ARTÍCULO

Comparative effects of energy restriction and resveratrol intake on glycemic control improvement

Autores: Milton-Laskibar, I.; Aguirre, L.; Macarulla, M. T.; Etxeberría Aramburu, Usune; Milagro Yoldi, Fermín Ignacio; Martínez Hernández, Alfredo; Contreras, J.; Portillo, M. P.
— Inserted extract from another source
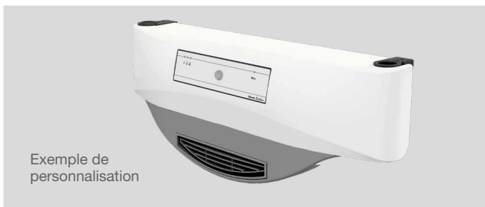
Exemple de personnalisation

Título de la revista: BIOFACTORS
ISSN: 0951-6433
Volumen: 43
Número: 3
Páginas: 371 - 378
Fecha de publicación: 2017
Resumen:
Resveratrol (RSV) has been proposed as an energy restriction mimetic. This study aimed to compare the effects of RSV and energy restriction on insulin resistance induced by an obesogenic diet. Any additive effect of both treatments was also analyzed. Rats were fed a high-fat high-sucrose diet for 6 weeks. They were then distributed in four experimental groups which were either fed a standard control diet (C), or treated with RSV (30 mg/kg/d), or submitted to energy restriction (R, 15%), or treated with RSV and submitted to energy restriction (RR). A glucose tolerance test was performed, and serum glucose, insulin, fructosamine, adiponectin, and leptin concentrations determined. Muscle triacylglycerol content and protein expression of insulin receptor (IRß), protein kinase B (Akt), Akt substrate of 160 kDa (AS160) and glucose transporter 4 (GLUT-4) were measured. In RSV rats, fructosamine concentrations were reduced, HOMA-IR remained unchanged, but glucose tolerance was improved, without changes in phosphorylation of IRß, Akt, and AS160 or in GLUT-4 protein expression. Rats under energy restriction showed an improvement in all the markers related to glycemic control, as well as increased phosphorylation of AS160 and protein expression of GLUT-4. In rats from RR group the results were similar to R group, with the exception of IRß and Akt phosphorylation, which were increased. In conclusion, mild energy restriction is more efficient than intake of RSV within a standard balanced diet, and acts by means of a different mechanism from that of RSV. No additive effects between RSV and energy restriction were observed.